Luísa Araújo, membro da Comissão Política do PCP, frisou que a «literacia é fundamental para o futuro dos indivíduos e do País». «A literacia plena revela-se no cruzamento de saberes, na independência da análise, na busca das respostas mais adequadas, no exercício da escolha. A democracia é profundamente afectada pela iliteracia», defendeu.

Direitos humanos

«É preciso promover a literacia para concretizar os direitos humanos fundamentais. Sem isso não é possível cumpri-los», afirmou Ilda Figueiredo, eurodeputada comunista. «A literacia é também compreender a realidade para a transformar e é fundamental na luta contra a exclusão social», considerou, lembrando que o Parlamento Europeu aprovou no ano passado uma recomendação para que a escolaridade mínima seja de 12 anos em todos os países, uma medida também defendida pelo PCP.
Portugal tem a maior percentagem de abandono escolar precoce da União Europeia. Os valores ascendem a 43 por cento, enquanto a média europeia é de 18 por cento. Atrás do nosso país, encontra-se a Espanha e a Itália, com valores muito distantes: 28 e 27 por cento respectivamente. «Temos um caminho imenso a percorrer», garantiu Ilda Figueiredo.
A eurodeputada recordou que a formação de base da população portuguesa é muito baixa, que o abandono escolar é grande e que o mercado de trabalho se baseia na mão-de-obra barata. «A estrutura produtiva não se adaptou às novas realidades» como o aumento do número de licenciados, disse Ilda Figueiredo.
«Hoje há mais rapazes a abandonar a escola.
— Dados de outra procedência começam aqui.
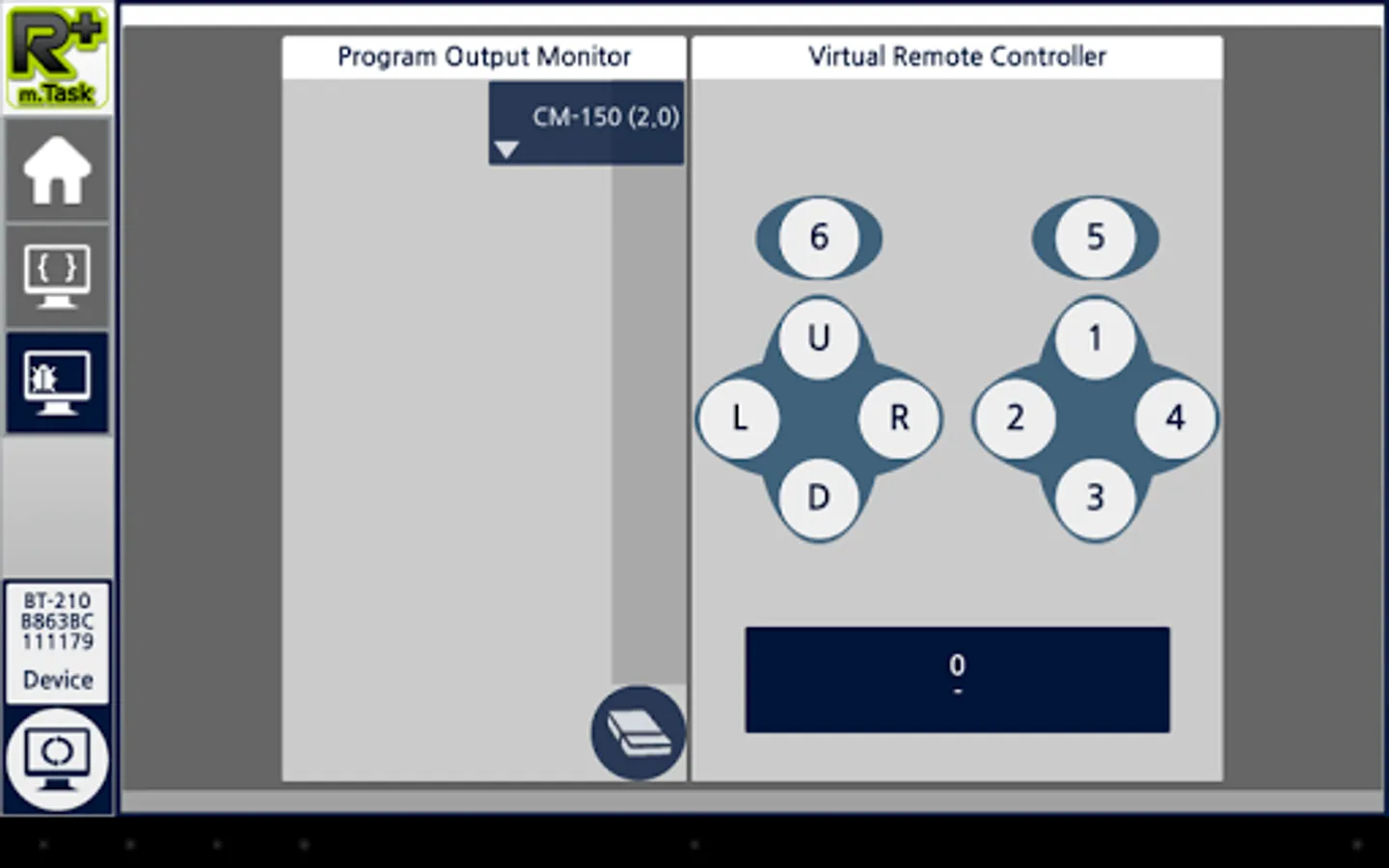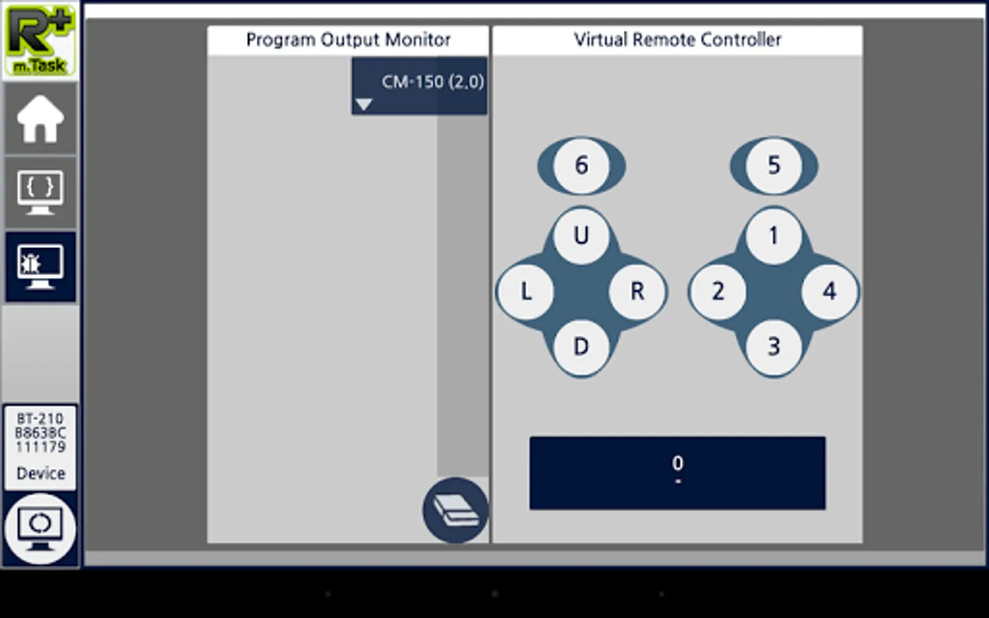 Once connected via Bluetooth, you can monitor the program output on the screen
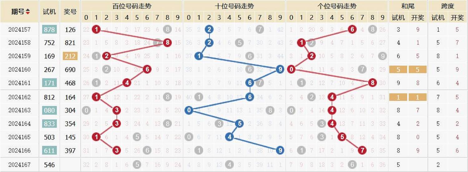 期数 | 试机号 | 关注码 | 金码 | 对应码 | 开奖号 | 出号 |
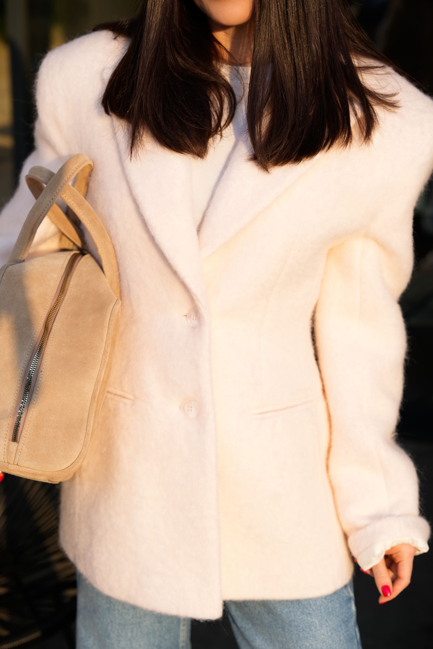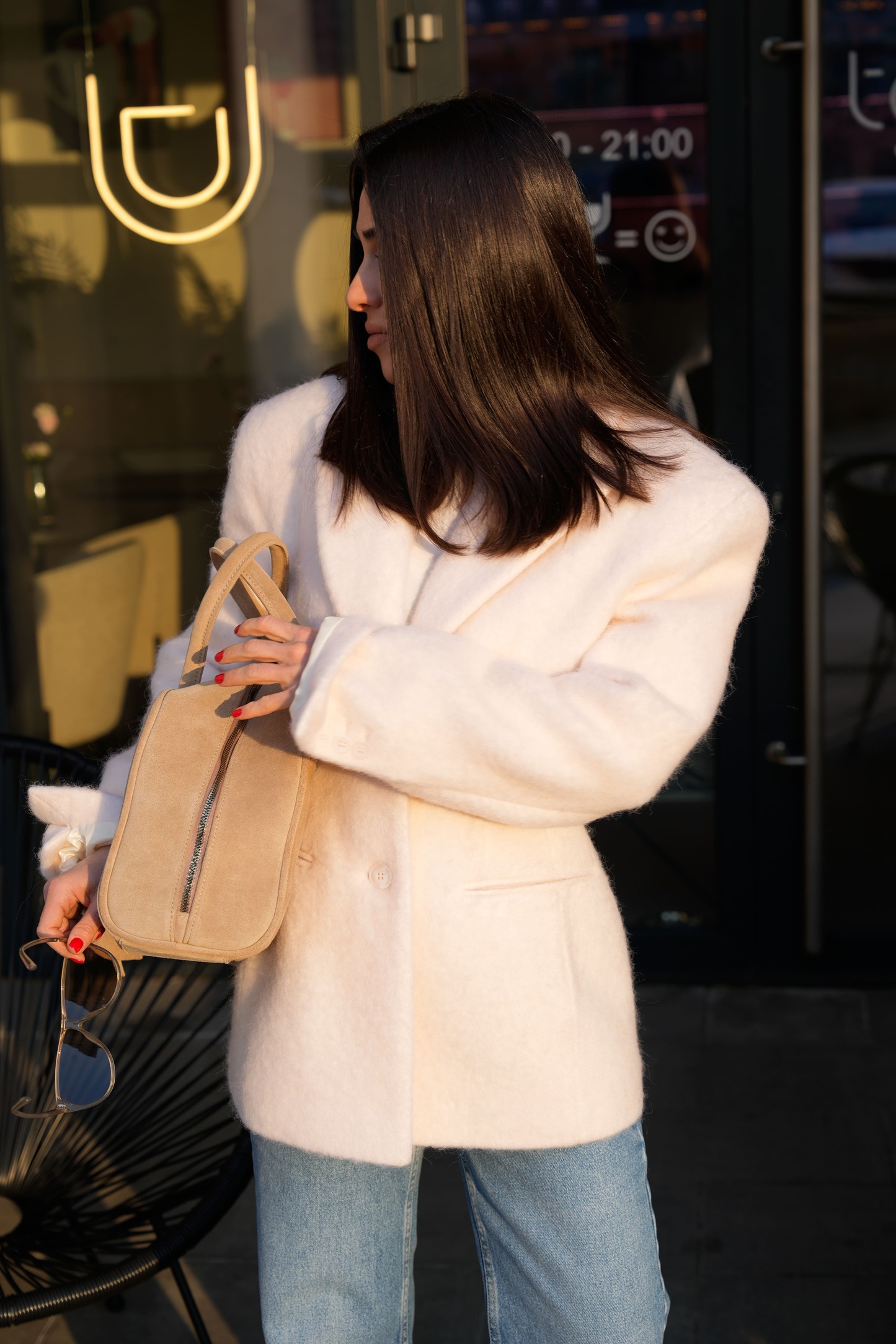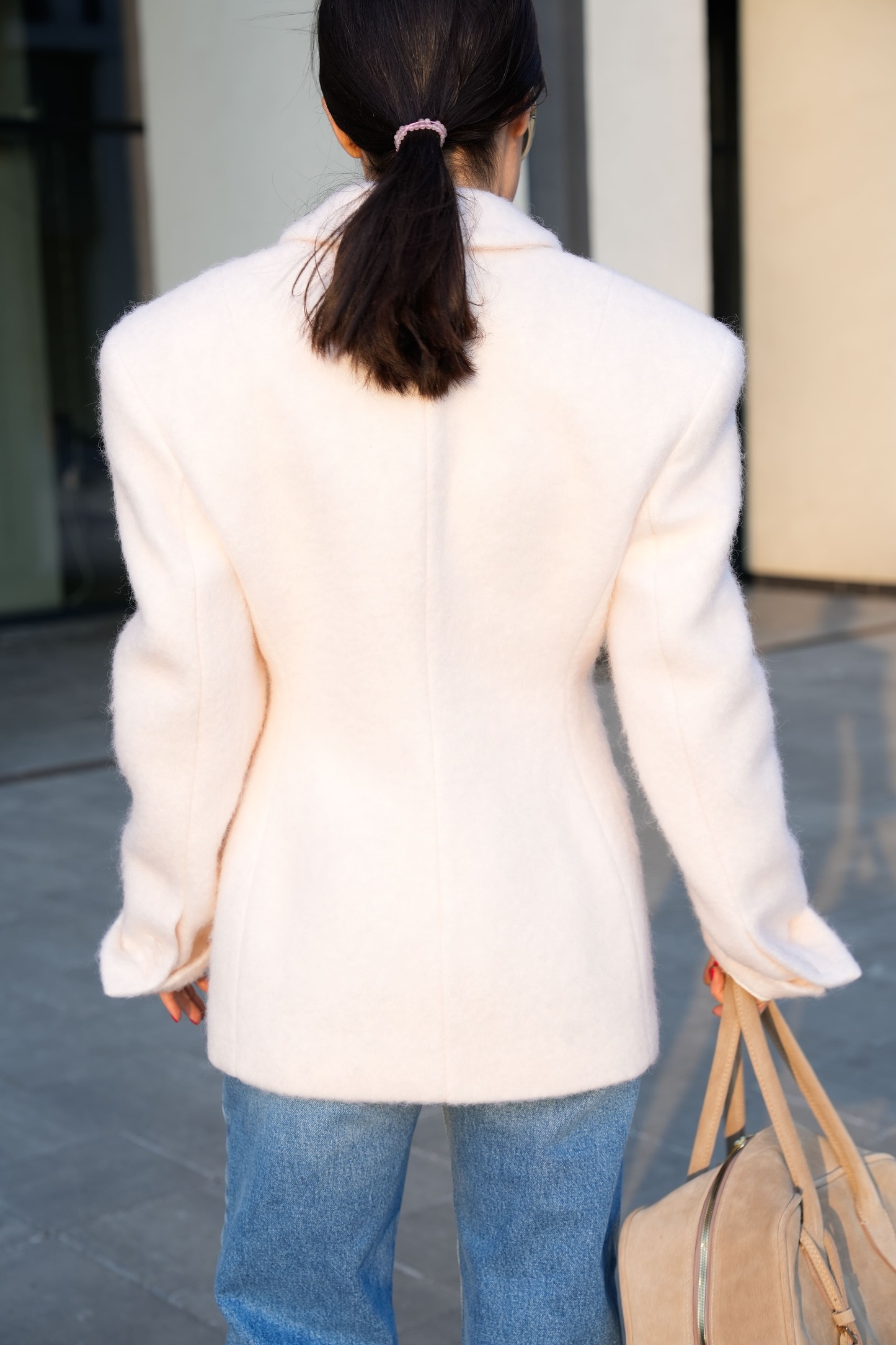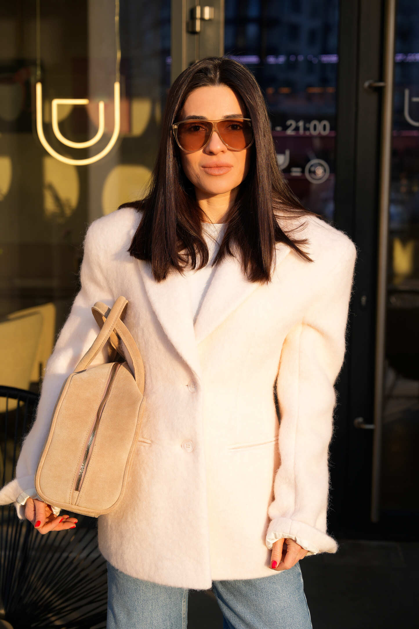 Елегантний молочний жакет Soft Touch — це втілення стриманої розкоші та сучасної жіночності. Завдяки м’якій фактурі з делікатним ворсом і світлому, благородному відтінку, модель виглядає дорого та витончено. Ідеально підходить для створення як базових повсякденних образів, так і більш зібраних, стильних луків у прохолодну пору.

No entanto, as raparigas, apesar de terem mais formação, têm mais dificuldades em arranjar emprego», acrescentou.

O que é a iliteracia?

A literacia é a capacidade de compreender e usar os conhecimentos, sendo medido continuamente. A iliteracia é, portanto, a deficiência desta capacidade e do seu uso no quotidiano.

Quais as consequências?

A iliteracia reflecte-se em actividades diárias, como interpretar listas e diagramas, preencher o IRS ou um cheque, interpretar o mapa da rede do metropolitano, compreender as instruções do uso de medicamentos, perceber e assinar em consciência o contrato de trabalho, analisar um texto compreendendo-o e discutindo-o, fazer trocos, converter escudos em euros, usar um dicionário, consultar um horário de comboios ou saber se está a fazer uma boa compra ao aproveitar uma promoção.

Quais as causas?

A iliteracia está relacionada com a qualidade do ensino e a escolaridade, mas também com os recursos que cada pessoa tem à sua disponibilidade, a escolaridade dos pais, a capacidade económica e o meio onde se insere.